Work order: Drop the images; return everything else in the listing below exactly.

Material provided:
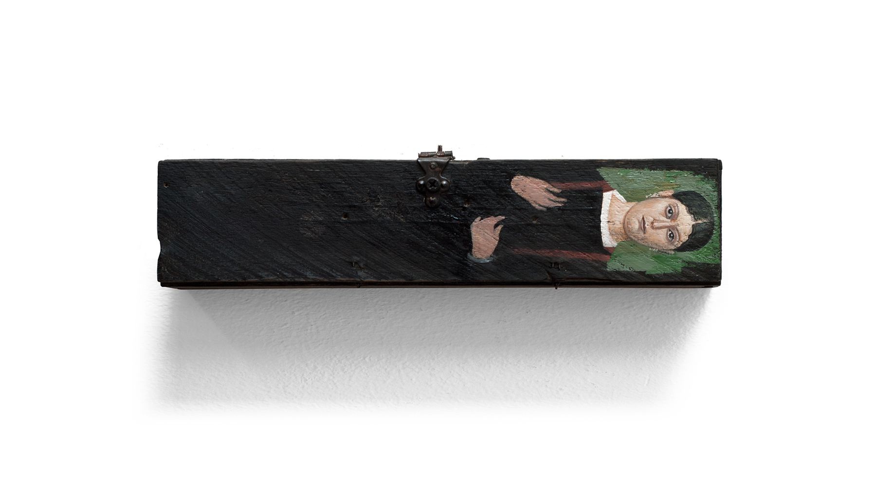 Bradley Manning, 2024. ulje akrilik na platnu, drvo, metal 11 x 33 x 6 cm
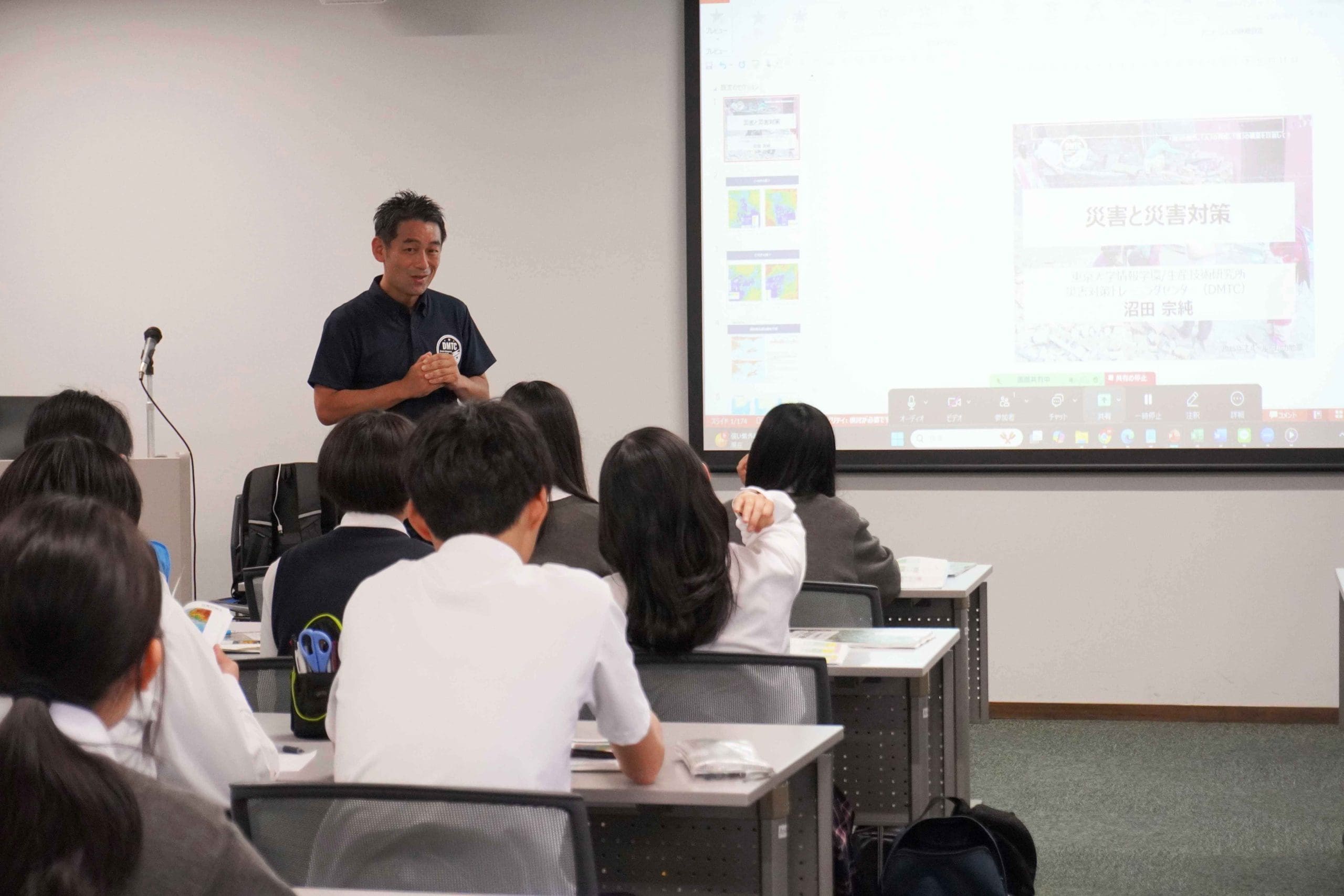 - 実施日:2025年6月4日(水) - 実施校名:大阪府立大東市立南郷中学校 - 講師名:沼田 宗純 准教授 - 参加者・参加人数:中学3年生 20名 - 講義は、まず大東市についての概要を確認したのち、一般的なお話、ハザードとは何か、および災害対応とは何かなどが説明されました。中学範囲で学習するような地震のしくみから、自治体の実対応といった、他では学べないことまで、様々なことを学習しました。 - 講義中、生徒さんたちは熱心にメモを取りながら耳を傾け、授業内容に加え、先生が防災に関心をもったきっかけについてなど、意欲的な質問が寄せられました。将来、防災の研究に携わりたい生徒の姿も見られ、関心の高さがうかがえました。
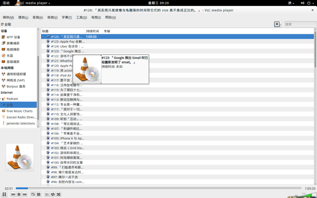 Podcast,一种语音节目的形式,类似传统的 AM / FM 电台,但分发和获取形式更加自由,可以以通过 RSS 技术订阅,在各大操作系统平台都有受欢迎的客户端。随着智能终端的兴起播客再次红火,功能强大的VLC其实还是一款播客管理软件,通过VLC订阅播客我们需要相应节目的RSS地址,这里拿“IT公论”来示范一下:
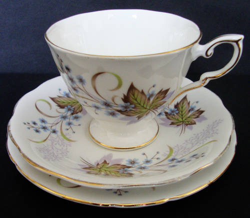 VINTAGE PARAGON BY APPOINTMENT TO HER MAJESTY THE QUEEN TRIO - FOOTED CUP, SAUCER AND TEA/SIDE PLATE "ANGELIQUE" FINE BONE CHINA ENGLAND CIRCA 1956 - BLUE FLORAL WITH GILT TRIM.
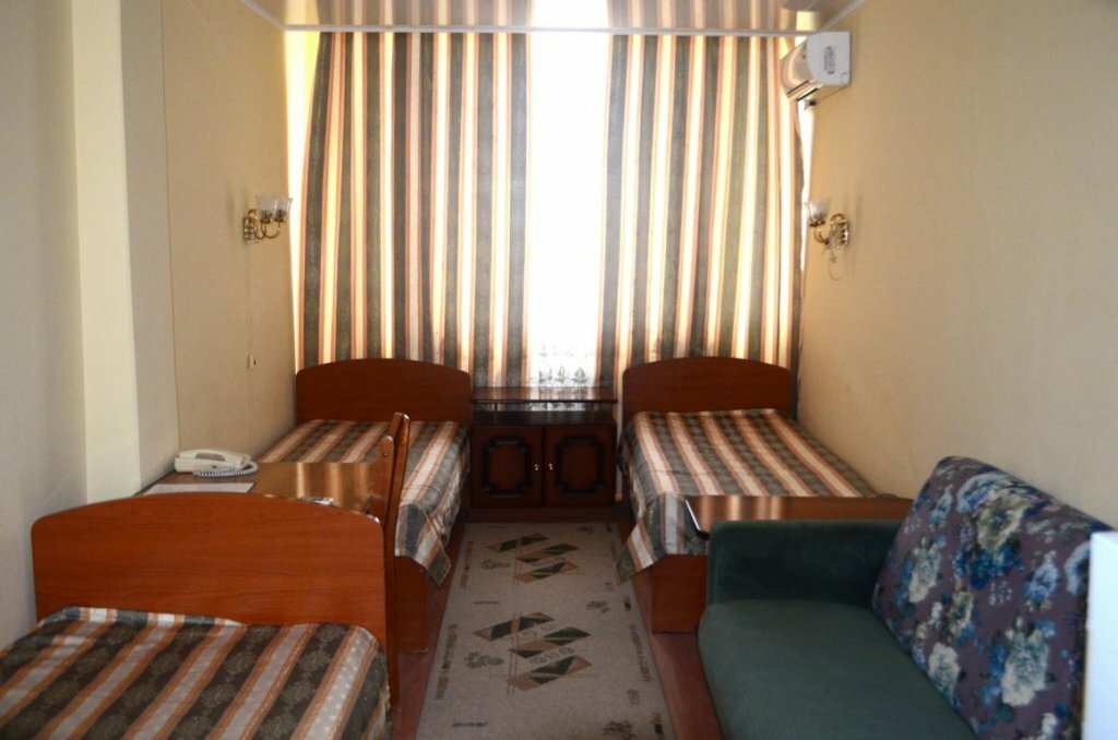 Само здание хорошее. Проблема в персонале . Колхоз. Никто ничего не делает. Начиная от открытия ворот, уборки, заканчивая выпиской документов. Постоянно нужно искать персонал и просить убраться, поменять постель и проч. По аксессуарам. Такое ощущение, что сотрудники гостиницы все утащили все домой и оттуда принесли старые одеяла, простыни, полотенца. Поэтому все старое, потрёпанное и разношерстное. Даже постель из разных комплектов… Отдельно нужно сказать про бармена. Он в наглую ворует. Хамит. Нужно потрудиться, чтобы отвлечь от телефона. Был с ребёнком, так он ему продавал всё в два раза дороже. Причём в наглую — всё. Совсем все по другому в бассейне. Как будто другая планета. Вежливый, приветливый персонал.

Answer to the problem:
 Bradley Manning, 2024. ulje akrilik na platnu, drvo, metal 11 x 33 x 6 cm
 - 実施日:2025年6月4日(水) - 実施校名:大阪府立大東市立南郷中学校 - 講師名:沼田 宗純 准教授 - 参加者・参加人数:中学3年生 20名 - 講義は、まず大東市についての概要を確認したのち、一般的なお話、ハザードとは何か、および災害対応とは何かなどが説明されました。中学範囲で学習するような地震のしくみから、自治体の実対応といった、他では学べないことまで、様々なことを学習しました。 - 講義中、生徒さんたちは熱心にメモを取りながら耳を傾け、授業内容に加え、先生が防災に関心をもったきっかけについてなど、意欲的な質問が寄せられました。将来、防災の研究に携わりたい生徒の姿も見られ、関心の高さがうかがえました。
 Podcast,一种语音节目的形式,类似传统的 AM / FM 电台,但分发和获取形式更加自由,可以以通过 RSS 技术订阅,在各大操作系统平台都有受欢迎的客户端。随着智能终端的兴起播客再次红火,功能强大的VLC其实还是一款播客管理软件,通过VLC订阅播客我们需要相应节目的RSS地址,这里拿“IT公论”来示范一下:
 VINTAGE PARAGON BY APPOINTMENT TO HER MAJESTY THE QUEEN TRIO - FOOTED CUP, SAUCER AND TEA/SIDE PLATE "ANGELIQUE" FINE BONE CHINA ENGLAND CIRCA 1956 - BLUE FLORAL WITH GILT TRIM.
 Само здание хорошее. Проблема в персонале . Колхоз. Никто ничего не делает. Начиная от открытия ворот, уборки, заканчивая выпиской документов. Постоянно нужно искать персонал и просить убраться, поменять постель и проч. По аксессуарам. Такое ощущение, что сотрудники гостиницы все утащили все домой и оттуда принесли старые одеяла, простыни, полотенца. Поэтому все старое, потрёпанное и разношерстное. Даже постель из разных комплектов… Отдельно нужно сказать про бармена. Он в наглую ворует. Хамит. Нужно потрудиться, чтобы отвлечь от телефона. Был с ребёнком, так он ему продавал всё в два раза дороже. Причём в наглую — всё. Совсем все по другому в бассейне. Как будто другая планета. Вежливый, приветливый персонал.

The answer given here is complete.